Seems to me, a Scotch egg and Hannah's Christmas pie are merely differences of degree, not differences of kind.


----------



## petalsandcoco (Aug 25, 2009)

*A dish I would eat and which became a grand slam winner is :*

*CAPE CHEF :*

"Turdunkin" (not really) of pork tenderloin and chicken breast layered with duxelle, seared and roasted, red pepper/red wine demi glacé, tourneed and glazed rutabaga and carrot, celery root soufflé.
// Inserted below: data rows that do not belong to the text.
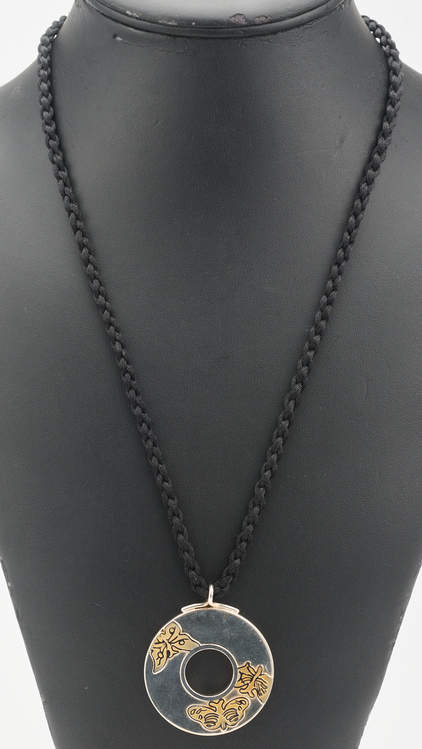 A TIFFANY & CO. SPAIN BUTTERFLY PENDANT BY ELSA PERETTI IN SILVER, TO A DRAW CORD NECKLACE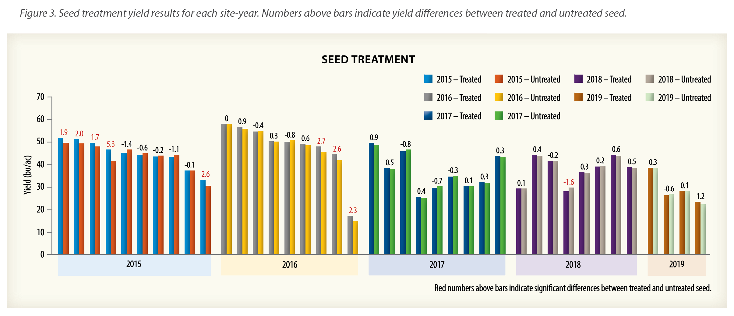 The OFN began comparing soybean yield with and without seed treatment in 2015. We now have five growing seasons of data, with a total of 41 sites. Out of all 41 locations, there have been eight statistically significant yield increases, and one significant yield decrease, for soybean with seed treatment compared to soybean without seed treatment (Figure 3). Most of the responsive sites were from 2015 and 2016, likely due to the seeding conditions in 2015 and 2016 vs. 2017, 2018 and 2019.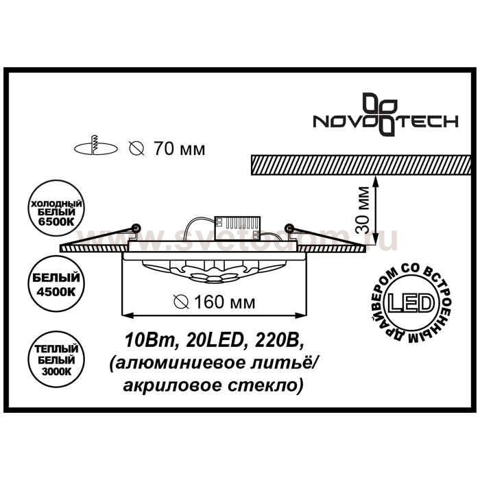 Встраиваемый светодиодный светильник со встроенным драйвером модели Novotech 357316 из серии LAGO отличается следующим качеством: Светильник выполнен из акрилового стекла. Акриловое стекло обладает рядом преимуществ, например:- высокая прозрачность (92%, которая сохраняет свой цвет и не меняется с течением времени); - отсутствие осколков при ударе (прочность оргстекла в 5 раз выше, чем у простого стекла); - водостойкость; - легкость материала (оргстекло гораздо легче, почти в 2,5 раза, по сравнению с обычным стеклом); - высокая пропускная способность ультрафиолетовых лучей, которая составляет около 73%.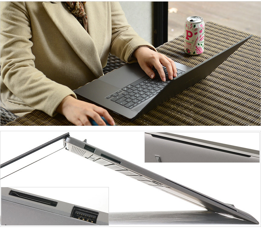 디자인은 상단에서 언급한 것과 같이 상당히 세련된 것을 확인할 수 있다. 중후하고 고급스러운 느낌을 주는 앤드림 그레이 컬러를 적용했으며 알루미늄과 세라믹을 결합한 세랄루미늄이 적용되어 가벼울 뿐만 아니라 대단히 견고하다. 지문이나 먼지가 잘 묻어나지 않으며 색 바램과 마모 등에도 강해 깔끔한 상태로 노트북을 유지할 수 있다. (마감의 완성도가 상당히 뛰어난 노트북이다.)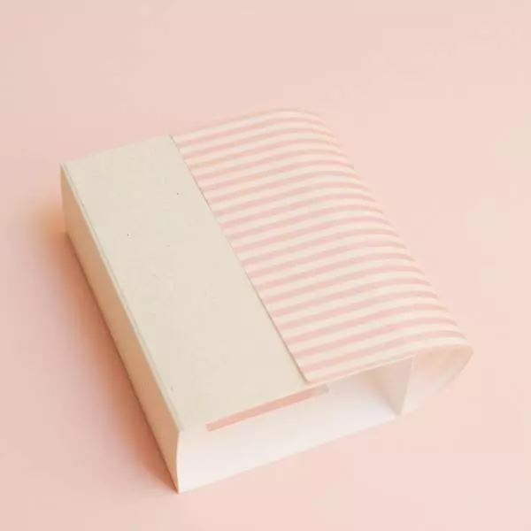 ③ボックスの表と裏の上部に両面テープを貼る。表は折り紙が窓にかかるくらいの位置で貼り付ける。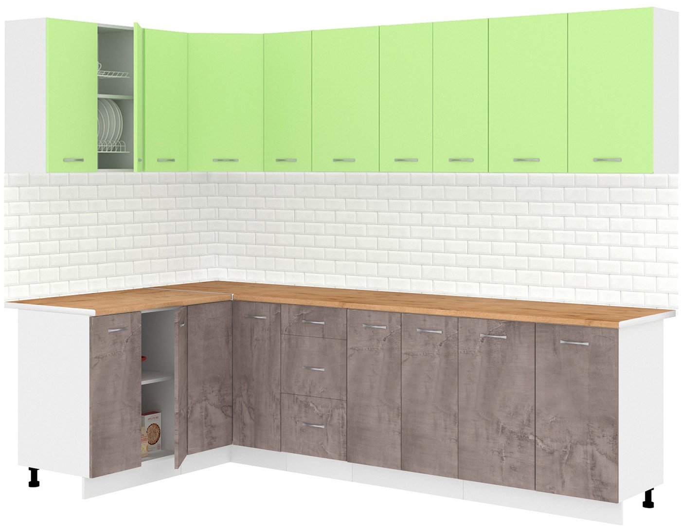 Готовая кухня Кортекс-мебель Корнелия Лира 1.5x2.7 (зеленый/оникс/дуб бунратти)

My hat goes off to you for such a great success !......I have to say the technique in itself is adventurous....in the words of my....A La Cuisine !


----------



## maryb (Mar 21, 2008)

I don't like duck either :lol:


----------



## petalsandcoco (Aug 25, 2009)

Mary,

Have you seen the movie "Rob Roy" with Liam Neeson ? Now picture him saying to you in his wonderful charming Scottish accent, " Aye , Marrrry , you don't like duck love, what if I made it fer ya ?" 

Then I would be behind you whispering ," Say you like it, say it..!!!" :roll:

ps. how I went from Turdurken to Liam, who knows ?


----------



## maryb (Mar 21, 2008)

:lol: I ate way to much duck as a kid. My brothers and dad both hunted to keep everyone fed. Duck bleh :lol:


----------